Relentless. Hunting in packs. Scoring for the laugh of it. Fifteen points up at half time. By then Anthony was losing all hope, as was the second Johnnie of ever having a bath with him, Dónal Óg torn between singing the praises of Limerick and lamenting Cork’s defensive shortcomings.

And it was, largely, as you were in the second half, Brendan Cummins, alongside Marty, left swooning over Limerick’s “energy and hunger”, the moral of the story being that when you start to doubt them they’ll make you look like a right eejit.

“They think the referee has blown the whistle - and he has now,” said Marty, channelling his inner Kenneth Wolstenholme, as the crowd swarmed the pitch at full time.

Clare out, Anthony will bathe alone. Limerick march on. “It was close on the perfect performance,” said Liam, although a modest Adam English, who joined the panel post-match, wouldn’t say as much.

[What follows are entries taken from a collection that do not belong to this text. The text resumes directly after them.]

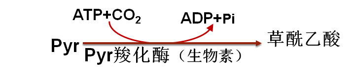 2.中间产物的回补:三羧酸循环是一个开放的循环,中间产物可以被消耗。丙酮酸羧化酶可以合成草酰乙酸,补充三羧酸循环中间物的消耗。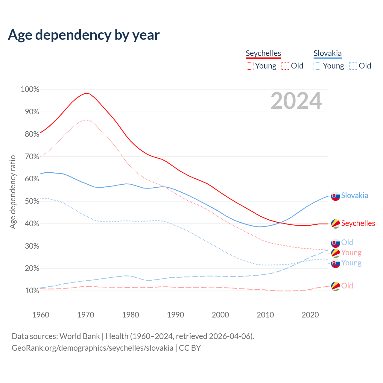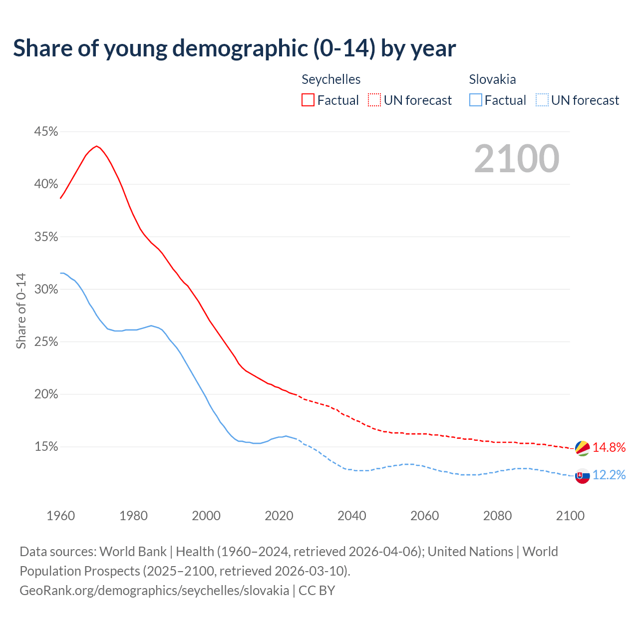 - The share of young demographic (0-15 years old) in the Seychelles is 20% vs 15.8% in Slovakia.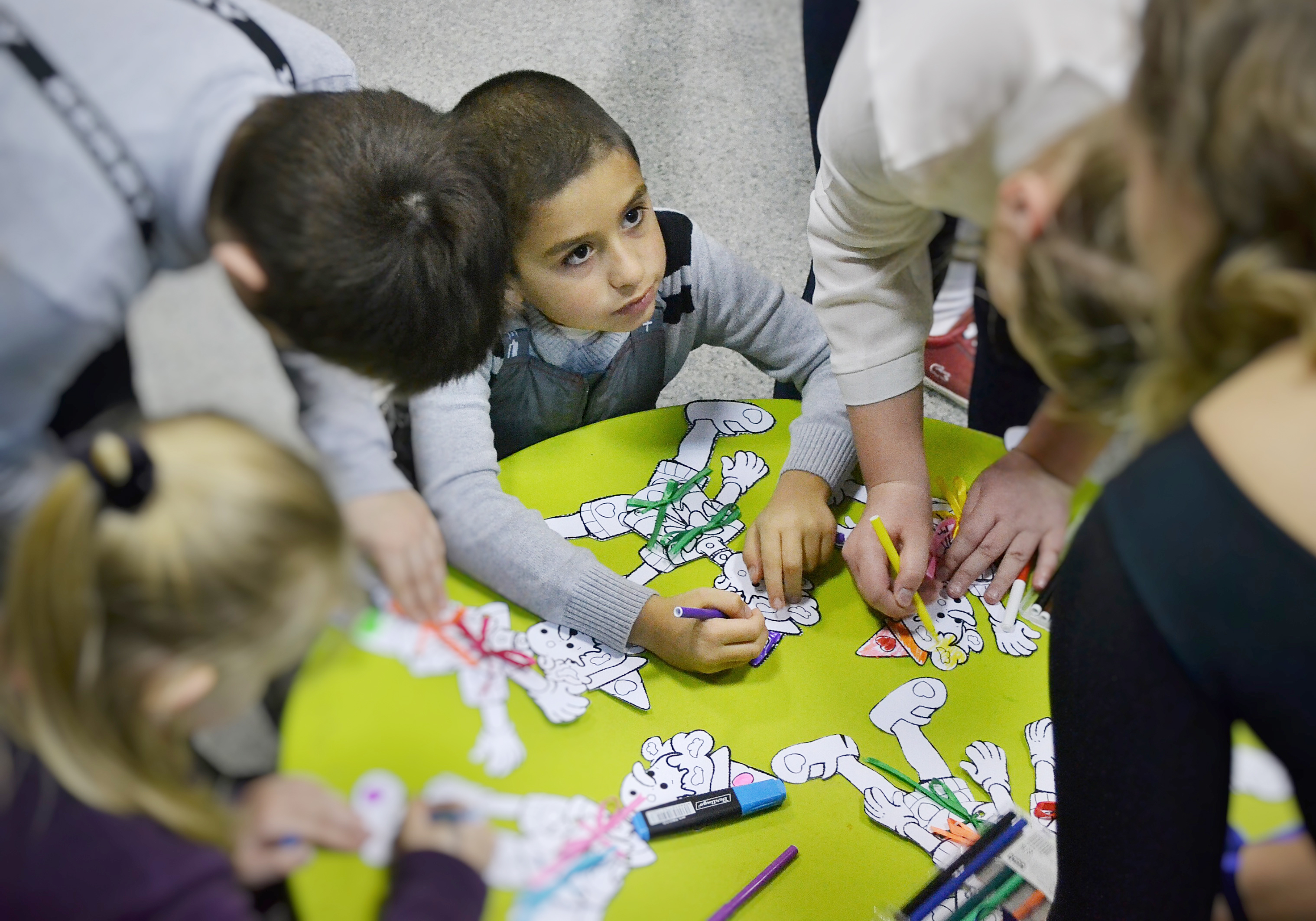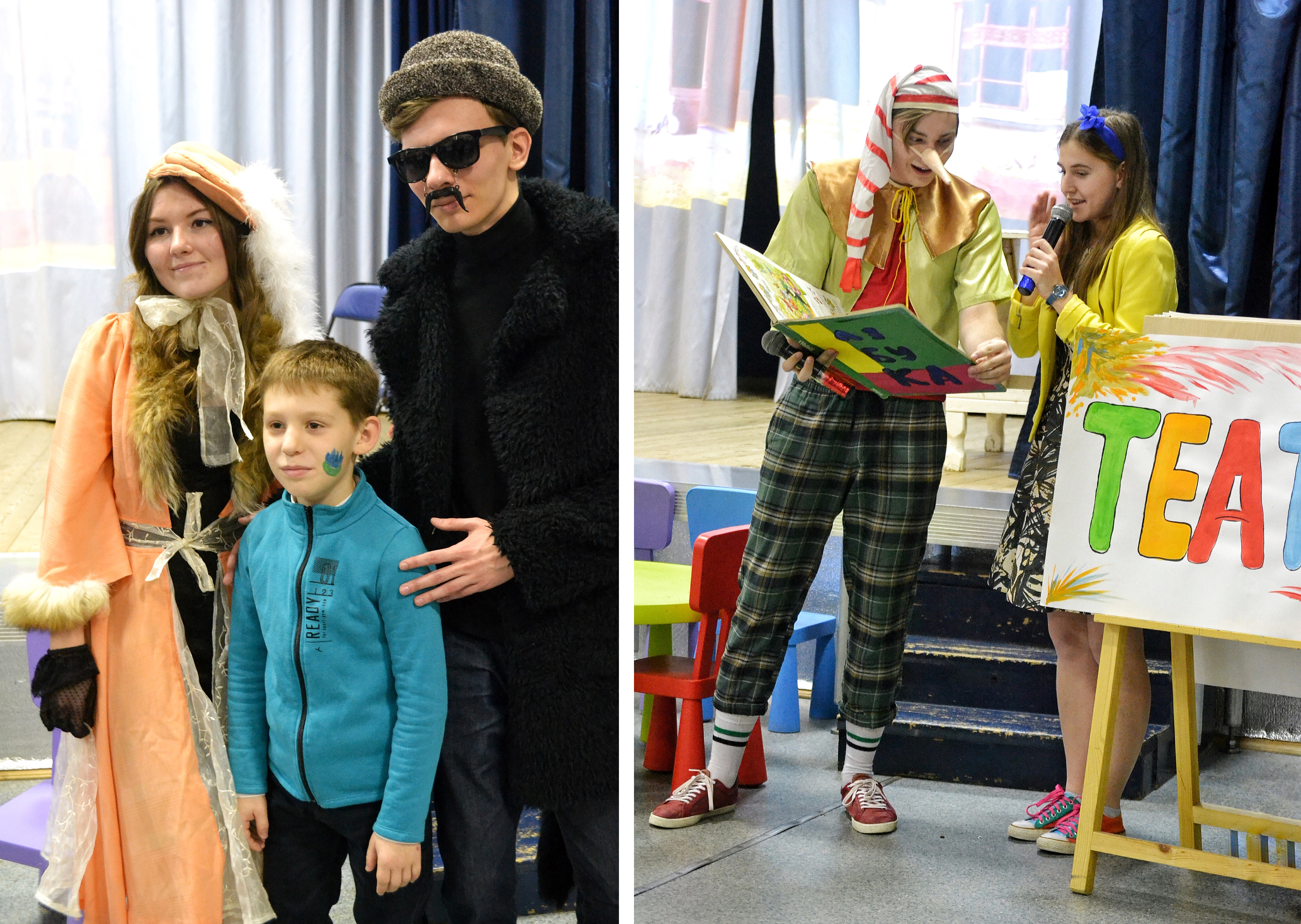 Перед студентами стояла задача помочь в творческой самореализации детей с разными видами ограничений по здоровью. Для этого они создали шесть игровых зон. На площадке «Школа» участники собирали пазл с крупными деталями «Азбука», специально разработанный для развития мелкой моторики. Бумажную куклу дети раскрашивали на площадке «Театр». Вместе с Буратино, котом Базилио и лисой Алисой на площадке «Денежное дерево» они создавали аппликацию из монет.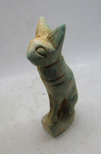 Title (ebay affiliate link): CIRCA 664-332 BC ANCIENT EGYPTIAN FAIENCE BASTET STATUETTE RARE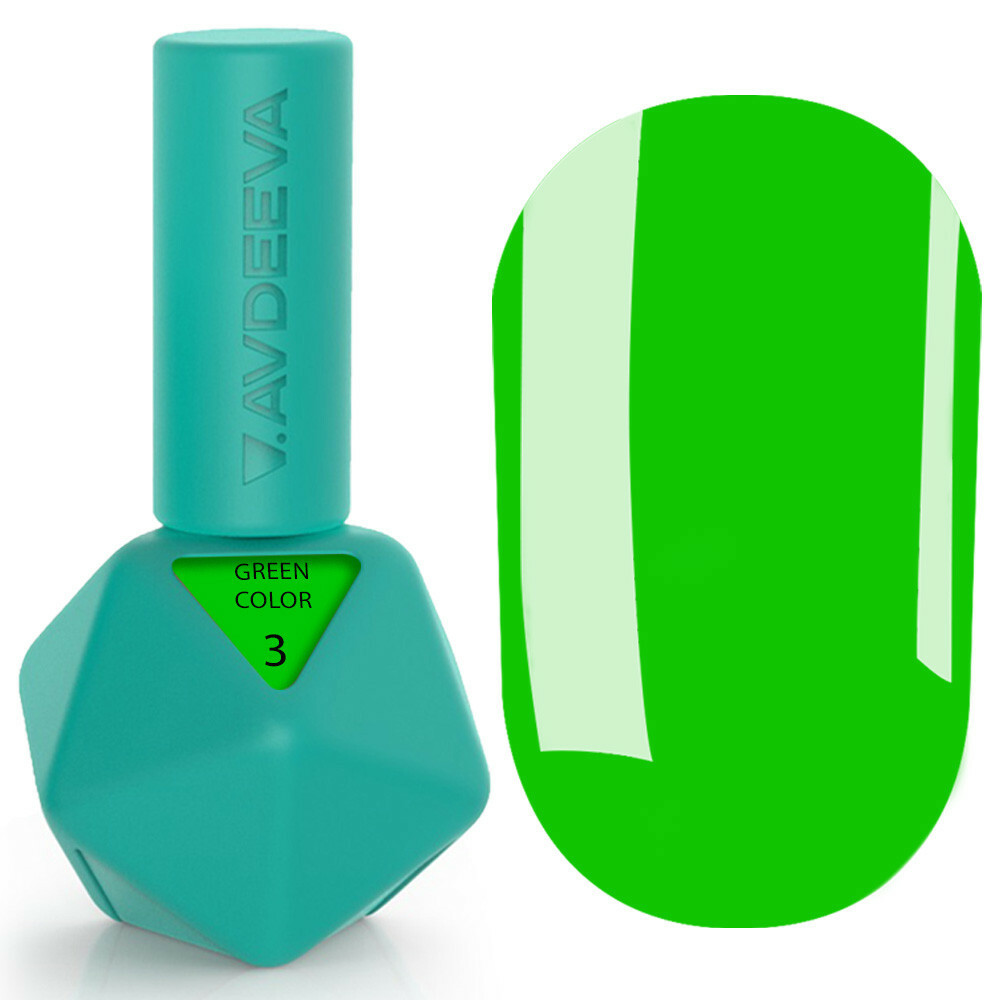 Victoria Avdeeva GREEN COLOR 3 is a vivid neon green gel polish that instantly catches the eye. The rich formula offers full coverage with a smooth, even finish. Perfect for bold summer designs and accent nails. Works with any base and top coat.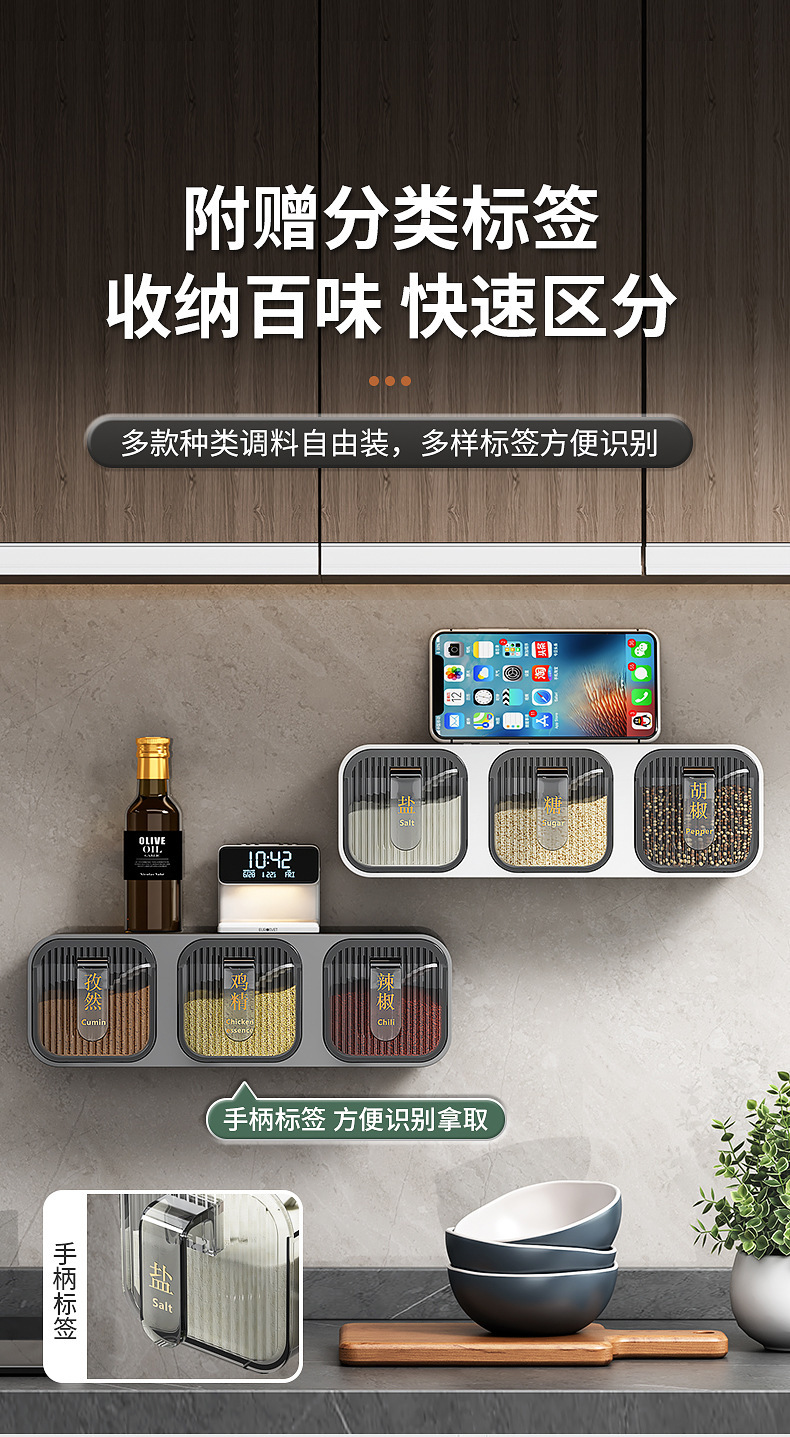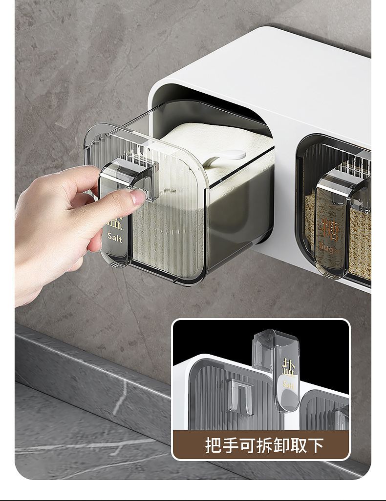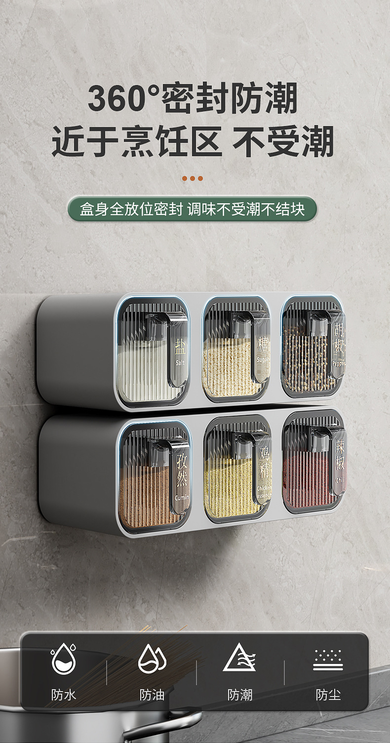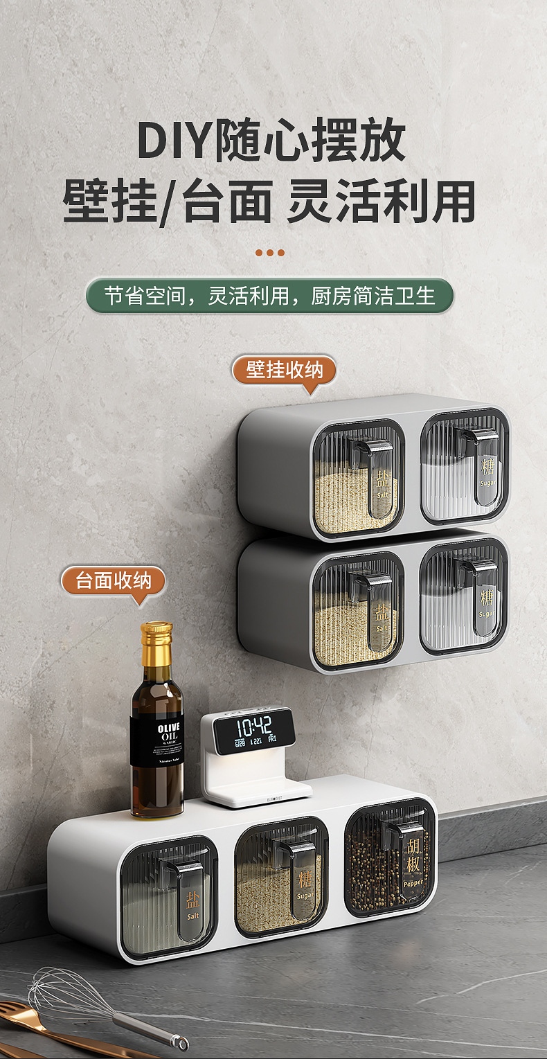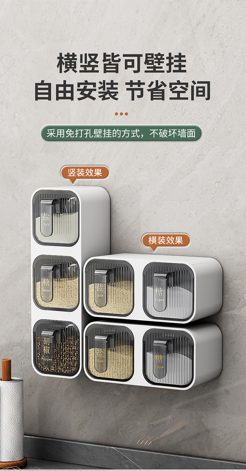 Caja de condimentos, estante de almacenamiento de cocina para el hogar, sal sin agujeros, MSG, tanque de condimento, integración de múltiples compartimentos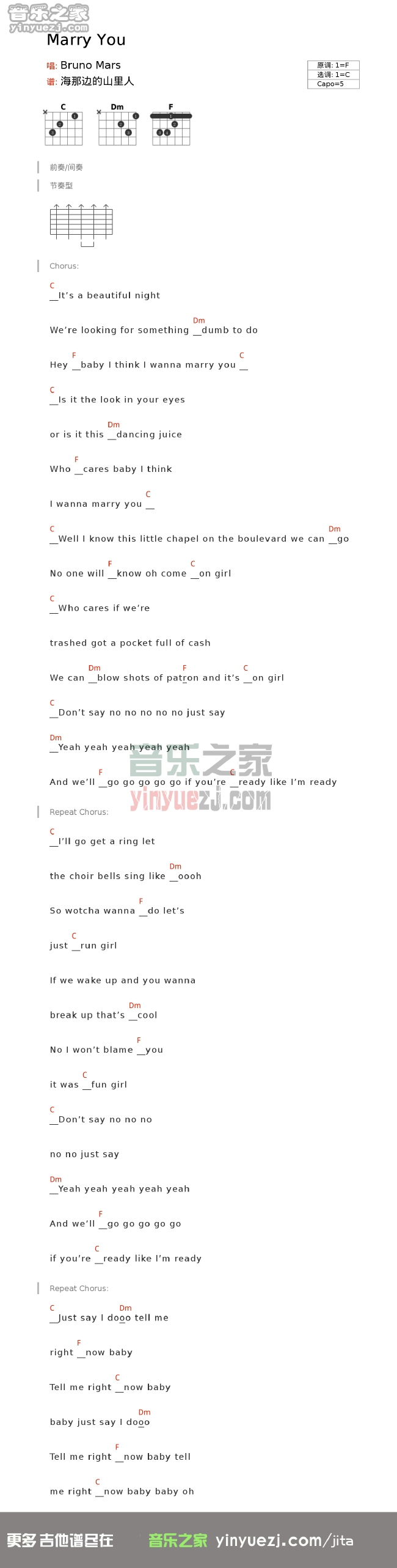 BrunoMars《MarryYou》吉他谱,YYZJ编配出品,共有1张高清图谱,免翻页排版设计。...

English was in the running for the RTÉ man of the match award, but he was pipped to it by Kyle Hayes. That was unfair because there appeared to be at least four Kyle Hayes on the pitch.

“Not a bead of sweat on him, and us sweating up here in the shade,” said Anthony after English left them. Limerick’s rivals for Liam MacCarthy will, most likely, be sweating too after that performance. “Back in business,” said Joanne. Liam, Dónal Óg and Anthony nodded. Rumours of their demise? A bit previous.